Task statement ::
Beginning with the line that holds "首页 > 插画 > 科技艺术 > 水彩手绘 > 早餐肠粉虾饺奶黄包豉汁排骨", write out each line exactly as it stands until the end of the data, and include no pictures.

Information supplied ::
····················

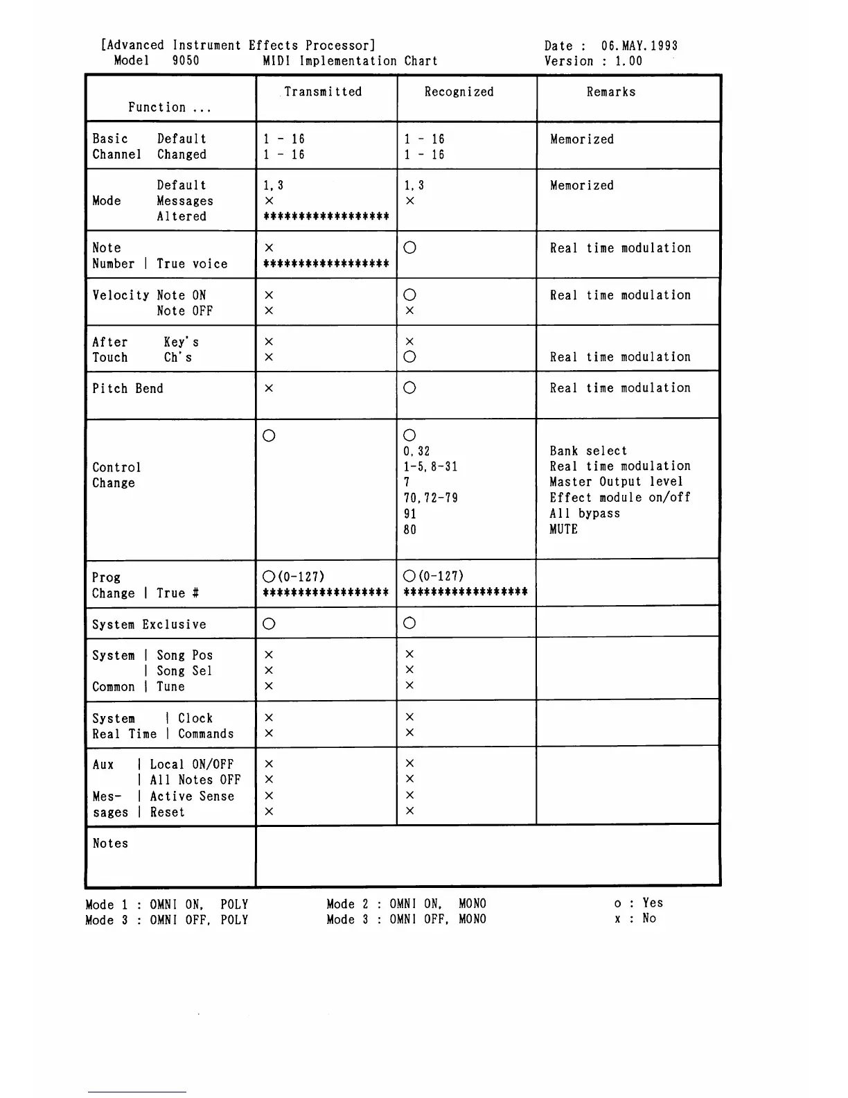 MIDI Implementation Chart
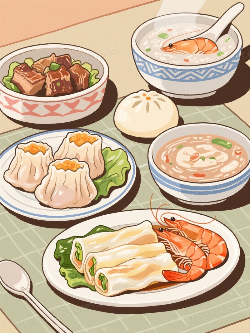 首页 > 插画 > 科技艺术 > 水彩手绘 > 早餐肠粉虾饺奶黄包豉汁排骨
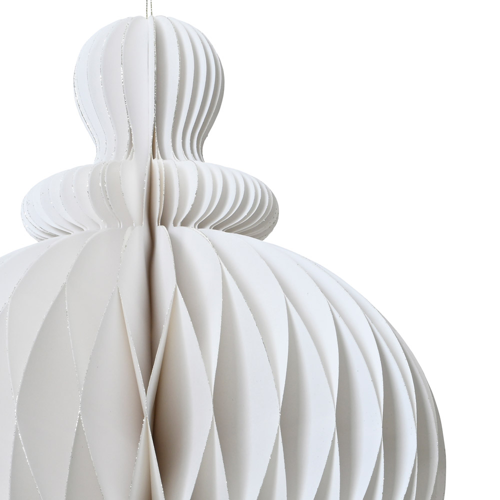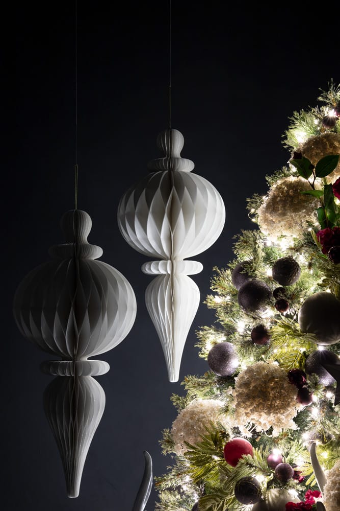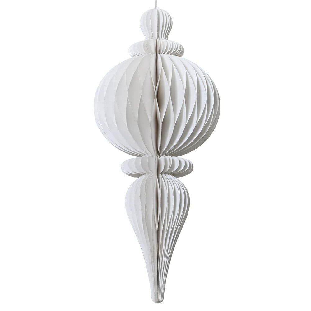 White paper hanging Christmas finial, 31,5”. A must-have for ceiling-hanging Christmas decorations. FSC-certified, guaranteeing that the paper used comes from responsible, sustainable sources. Magnetic closure.

····················

Response ::
 首页 > 插画 > 科技艺术 > 水彩手绘 > 早餐肠粉虾饺奶黄包豉汁排骨
 White paper hanging Christmas finial, 31,5”. A must-have for ceiling-hanging Christmas decorations. FSC-certified, guaranteeing that the paper used comes from responsible, sustainable sources. Magnetic closure.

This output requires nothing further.